Y en su boca no se halló engaño; porque son sin culpa delante del trono de Dios.

Después del cuadro de abominación del capítulo anterior, tenemos aquí visiones llenas de consuelo, fortaleza y consuelo para todos los creyentes. El Cordero ahora vuelve a ser el centro de interés: Y vi, y he aquí, el Cordero de pie sobre el monte Sion, y con Él ciento cuarenta y cuatro mil que tenían Su nombre, el nombre del Padre, escrito en sus frentes. En medio del último gran ay, el Señor tiene formas y medios para mantener y salvar a Su Iglesia.

El monte Sion se usa a menudo en sentido figurado para la Iglesia de Cristo y para el lugar donde está establecida. El Cordero es nuestro Salvador Jesucristo, el Cordero de Dios, que quita el pecado del mundo. El número dado aquí, ciento cuarenta y cuatro mil, es la cifra simbólica que representa el número total de elegidos. Ver el cap. 7: 4-8. Estos elegidos de Dios no llevaban la marca de la bestia en la frente, sino el nombre de su Salvador, Jesucristo, y del Padre que está en los cielos, por cuyo poder y por cuya voluntad se les dio la salvación.

Juan ahora cuenta lo que escuchó en esa visión: Y oí una voz del cielo como la voz de muchas aguas y como el retumbar de un gran trueno; y la voz que oí se parecía a la de los arpistas que tocaban sus arpas; y cantaron un cántico nuevo ante el trono y ante los cuatro seres vivientes y los ancianos; y nadie puede aprender el cántico excepto los ciento cuarenta y cuatro mil que han sido redimidos de la tierra.

Ver el cap. 5: 8. Era una música maravillosamente extraña y hermosa que John escuchó, ahora como el rumor de aguas poderosas, luego nuevamente como el retumbar de un trueno fuerte, luego se asemejaba al delicado toque de muchos arpistas sintonizados en perfecta armonía. La gloria, el poder y la belleza del Señor fueron alabados en este himno incomparable, en este himno que se canta solo en la presencia celestial, ante el trono de Dios, ante los cuatro querubines, ante los ancianos que representan a la Iglesia de Dios en la tierra. ; Solo aquellos que están entre los elegidos de Dios pueden aprender este maravilloso himno; para los hipócritas y cristianos sólo de nombre es demasiado difícil. Es como la confesión de Pedro; la carne y la sangre no pueden comprenderlo, sino sólo aquellos a quienes el Espíritu de Dios se lo ha revelado.

Los creyentes fieles, los elegidos de Dios, se describen ahora con más detalle: Estos son los que no se han contaminado con mujeres, porque son vírgenes; éstos han sido redimidos de los hombres como primicias para Dios y para el Cordero, y en su boca no se encuentra mentira; porque son irreprensibles. Ésa es una característica de los elegidos de Dios en medio de las abominaciones de este último período del mundo: no toman parte en la idolatría del Papa con la que ahora tanta gente se profana a sí misma; son puros a este respecto.

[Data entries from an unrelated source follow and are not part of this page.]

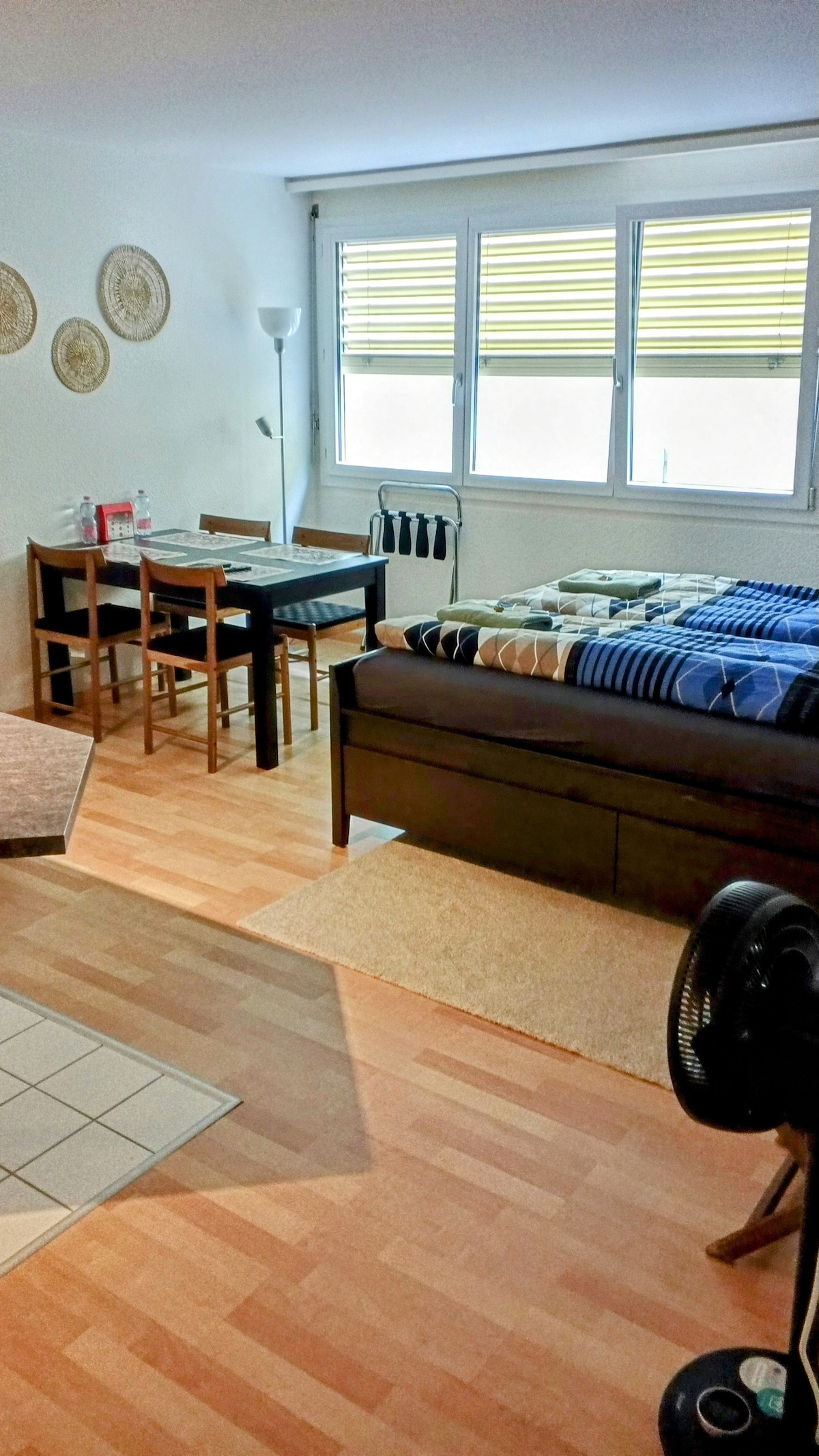 enjoy a great stay in this new beautiful + very central flat for max. 4 persons, kids are welcome as of age 7 2 room apartment (1 separate bedroom +1 separate living room, new comfortable bed, including dining + kitchen), large bathroom + big bathtub from Airport Zurich: 1h 15min Free car parking, only during Nov 25 for new bookings as of Nov 9. Please check availability first, thanks. private car parking (payable) onsite, ask for availability to reserve it has a small elevator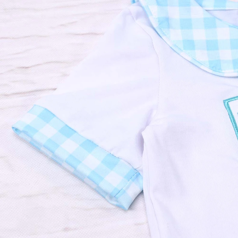 С надписью «I Love Mom»; Синий топ с вышивкой и клетчатые шорты; Костюмы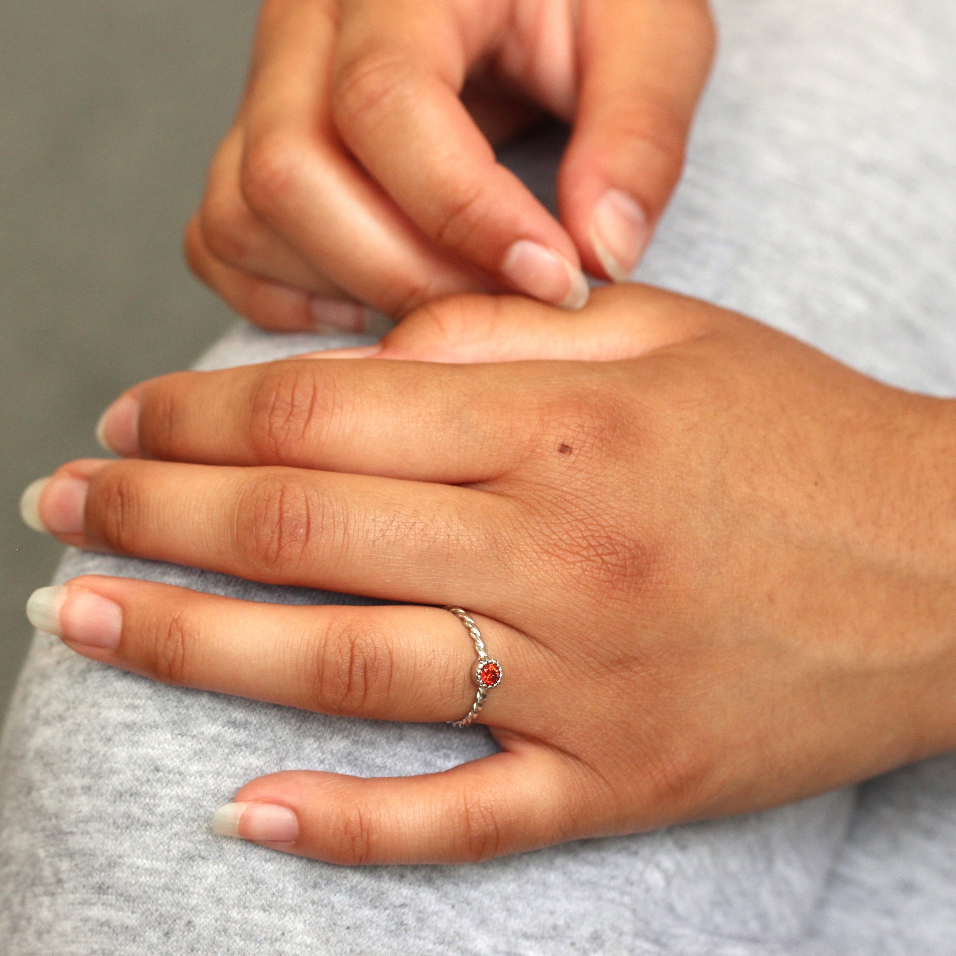 Bague en argent sterling et cristal grenat CZ, pierre de naissance de janvier, corde torsadée I - U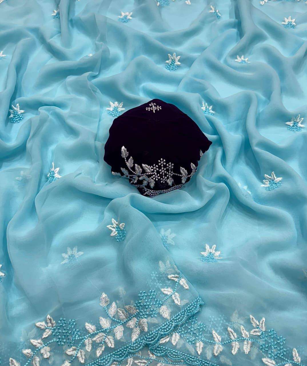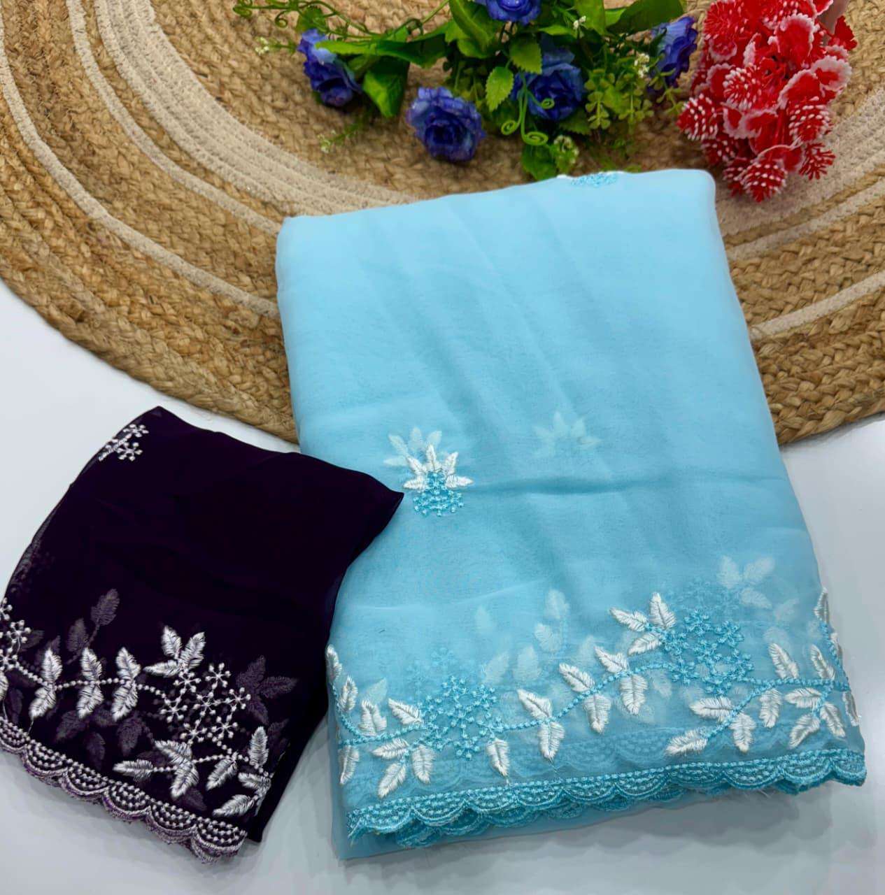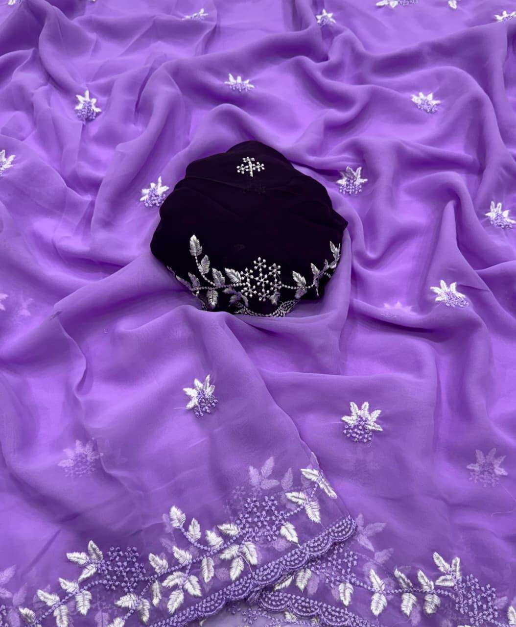BEAUTIFUL EMBROIDERY WORK GEORGETTE FABRIC FANCY LOOK SAREE BEST COLLECTION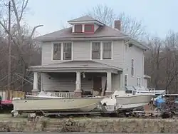 Prior to the industrial settlements of mills along the Patuxent river. The Gordon property was patented as part of Alexander and Absolute Warfield's estate "Warfield's Range", which was resurveyed as "Sappington's Sweep" as part of a 1731 inheritance to Thomas Sappington from his grandfather Thomas Rutland.[1] What later became Route 1 was built along the property in 1749 and was operated as a turnpike from 1820 to 1865. In 1870, John and Elizabeth Water sold their interest in Sappington's sweep to William and Mary Cissel in 1890. The property was sold the same year for $35,000 to brothers Harry D. and Fulton R. Gordon from Bailey's Crossroads, who subdivided a tract on the Howard county side of the Patuxent river to form "North Laurel".[2][3] The business office for the development was operated out of an office on 918F Street in Washington as Gordon & Bro, marketing real estate in the "suburbs" between Baltimore and Washington.[4] By 1894, the Gordon brothers sold a portion of "North Laurel" for $64,000 to the Key Brothers & Company to finance the purchase of the Lincoln Hotel in Washington D.C. Fulton Gordon divorced shortly afterward and declared himself broke.[5][6] The brothers built an American Foursquare on "Lot 10" prior to 1905 sitting prominently along route one with a large stone retaining wall.[7] The house remained in their name until the late 1930s while the brothers developed land that would become Chevy Chase, Maryland. Land subdivision would be a booming business a century later, the "smart growth" features of tightly clustered lots featuring access to light rail services, walkable community and the county's first traffic circles remained largely undeveloped until the 1960s with some lots vacant today. Fulton R. Gordon was quoted as saying if the land had been given to him "I'd have been robbed".[8]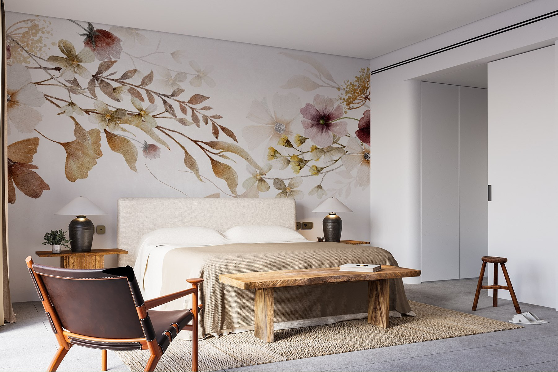 Transformeer je kamer met deze prachtige muurschildering die danst met delicate bloemen en bladeren, allemaal in zachte, dromerige waterverf. Stel je voor dat je elke dag wakker wordt met een zachte herinnering aan de schoonheid van de natuur in je kamer. Het is alsof je een tuin in huis haalt, zonder vervelende insecten!
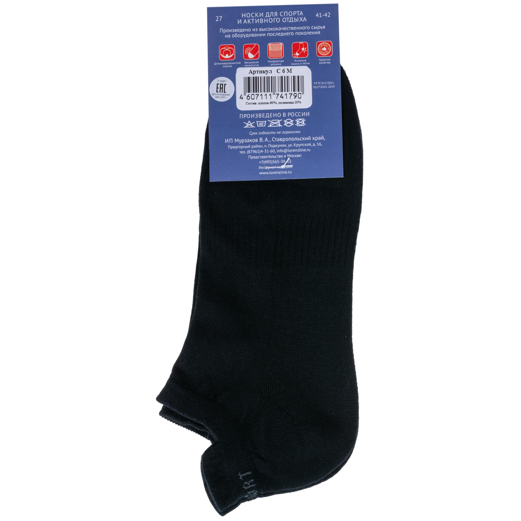 Комплект мужских носков из 2 пар, круглогодичные или зимние, короткие, цвет черный, теплые, спортивные, с махровым следом, шов кеттельный (бесшовная технология), принт (рисунок): спортивные, однотонный, небольшой рисунок, состав: 90% хлопок, 10% полиамид, арт. 2-С6М. Производитель «ИП Мурзаков В.А., Ставропольский край, Россия» под брендом «Lorenzline».
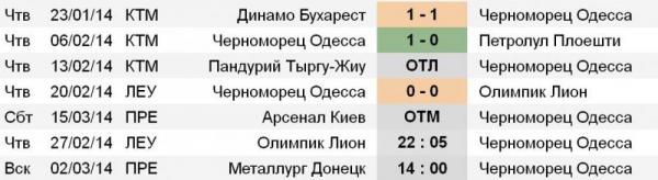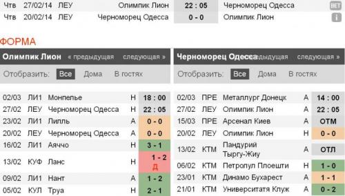 В квалификации этой Лиги Европы «Черноморец» лучше играл дома, а вот на группой стадии, одесситы проиграли два из четырех матчей, а вне родного стадиона еще не проигрывали. Команда Романа Григорчука выиграла важнейший матч у «ПСВ» в гостях и прошла в финальную часть турнира. «Черноморец» отлично умеет играть вторым номером, и в матче против «Лиона» может снова удивить.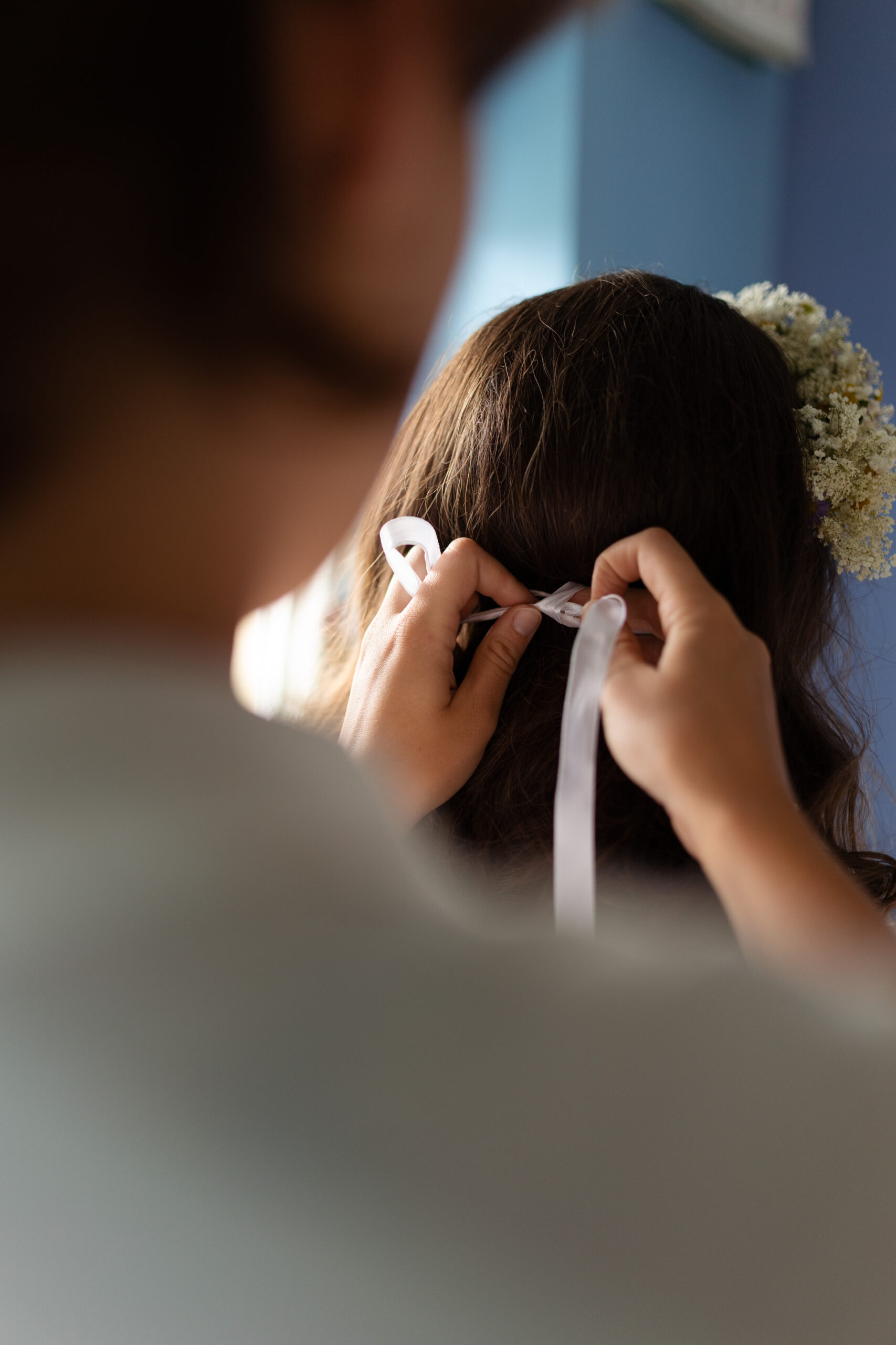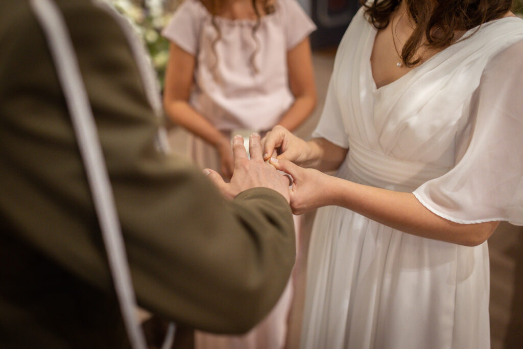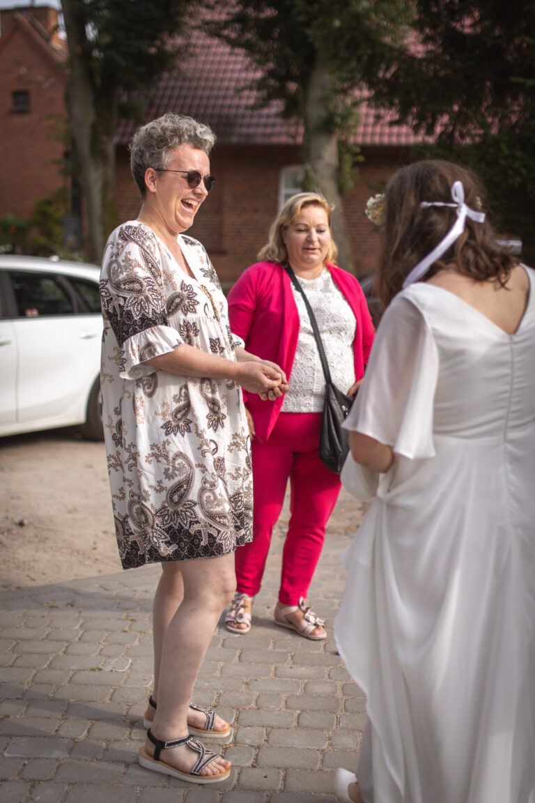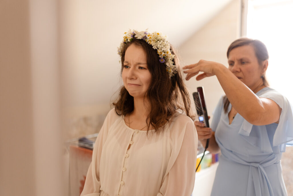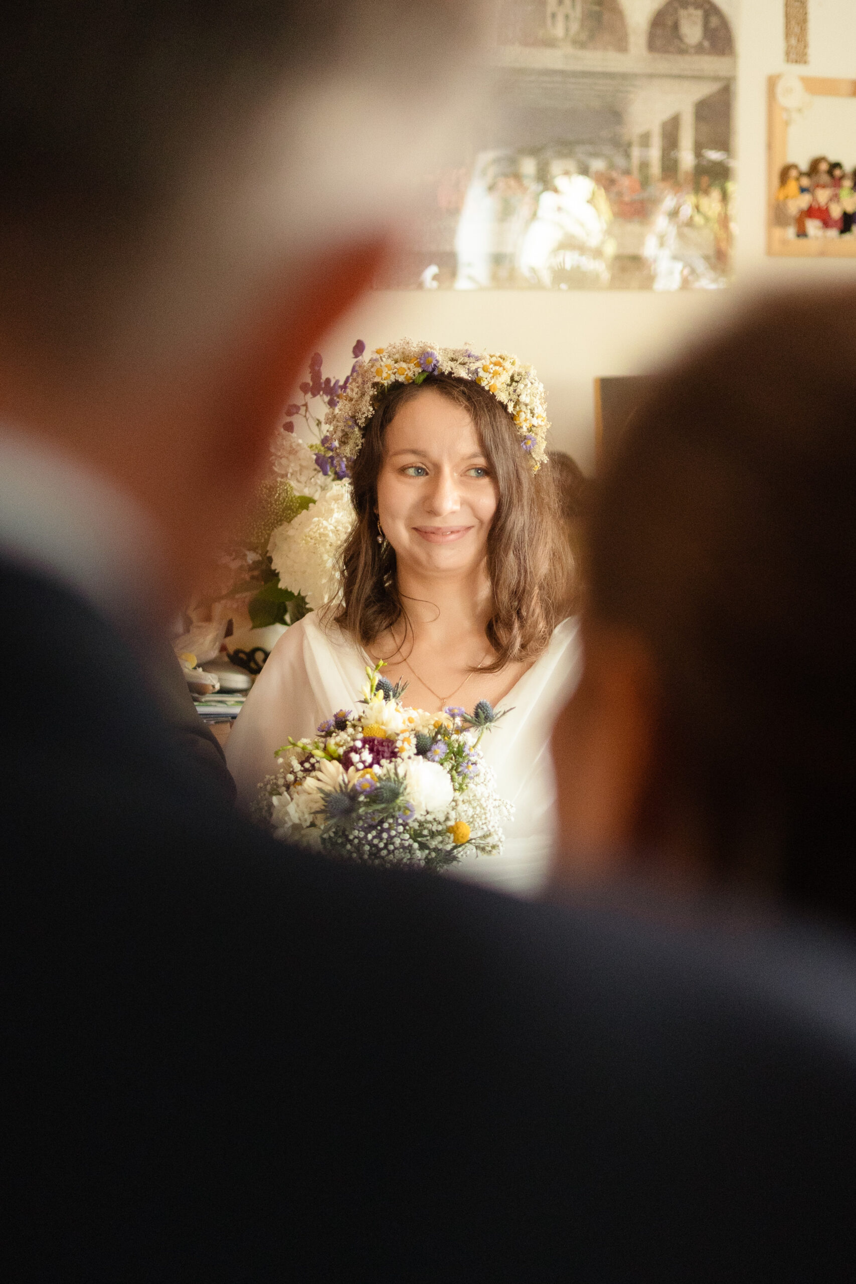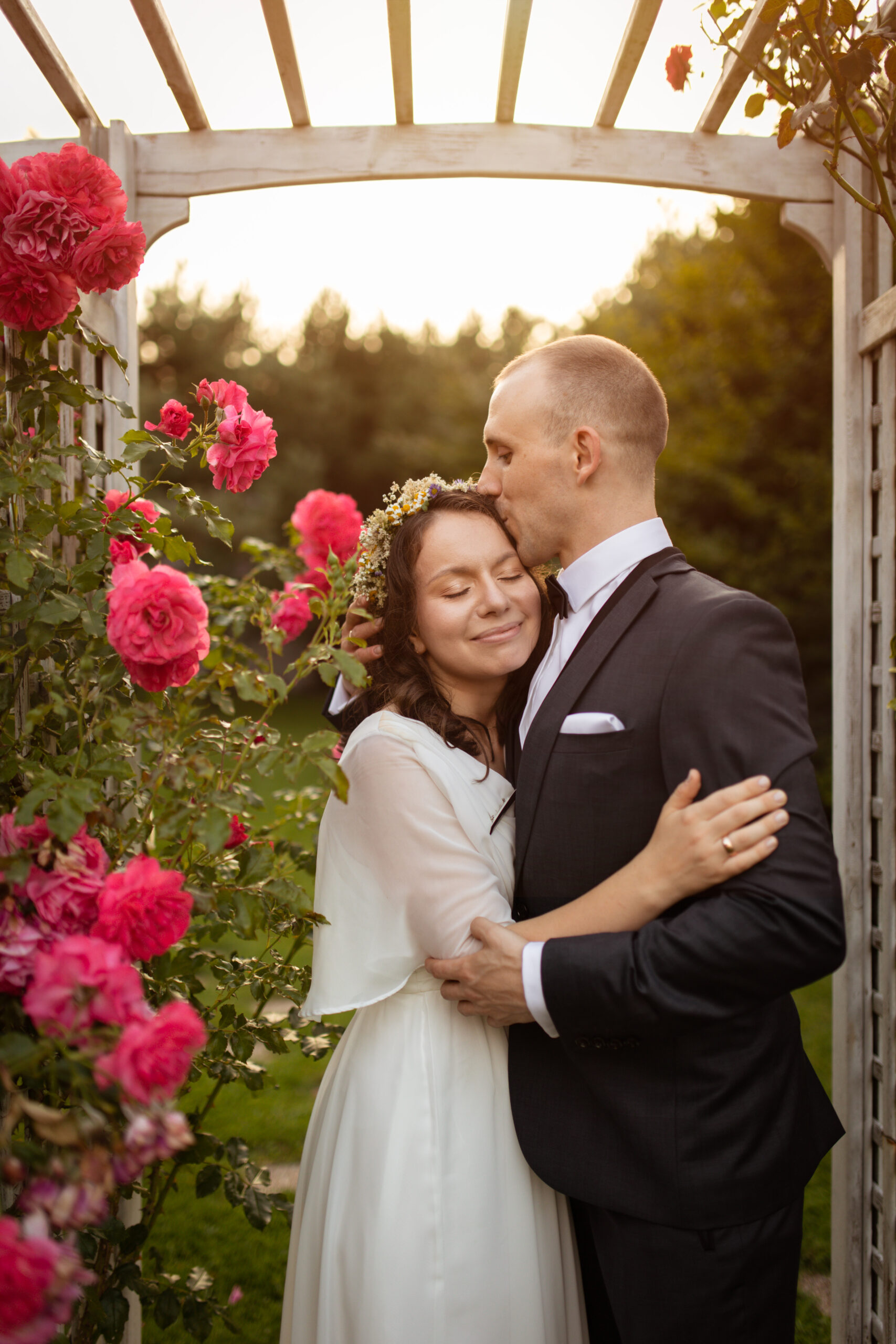 To był niecodzienny ślub… Święto Wojska Polskiego, piękny, sierpniowy, letni dzień. Pannę Młodą zastaliśmy w pięknym, rodzinnym ogrodzie na 3h przed ślubem plecącą swój wianek z kwiatów polnych. Pamiętam, że byliśmy wtedy bardzo zaskoczeni. Michalina ze spokojem w głosie opowiedziała nam, że po tym, jak już skończy swój wianek, będzie się malowała, siostra pomoże jej podkręcić włosy, a jeśli zdążą, to pomalują jeszcze paznokcie. Wchodząc do domu zostaliśmy ciepło przywitani przez Panią Mamę i rozpoczęliśmy obserwowanie rzeczywistości rodziny, do której w tym dniu nas zaproszono.

Han sido redimidos de entre los hombres por la sangre de Cristo, que en verdad fue derramada por todos ellos, pero que la gran mayoría rechaza y, por lo tanto, no participa de sus maravillosos beneficios. Por lo tanto, son las primicias de la cosecha espiritual del mundo, ofrecidas a Dios como sacrificio vivo en la gran fiesta de la Pascua del cielo. Ahora pertenecen a Dios, su Padre celestial, y al Cordero, su Salvador, cuya cruz llevan alegremente en pos de Él.

No se unen a la hipocresía que canta las alabanzas del Cordero y hace las obras del dragón, pero están libres de la mentira y la falsedad del Anticristo. En conjunto, son puros, sin mancha, sin mancha, no por su propia cuenta, sino en virtud de la sangre de Cristo, que los limpia de todos los pecados.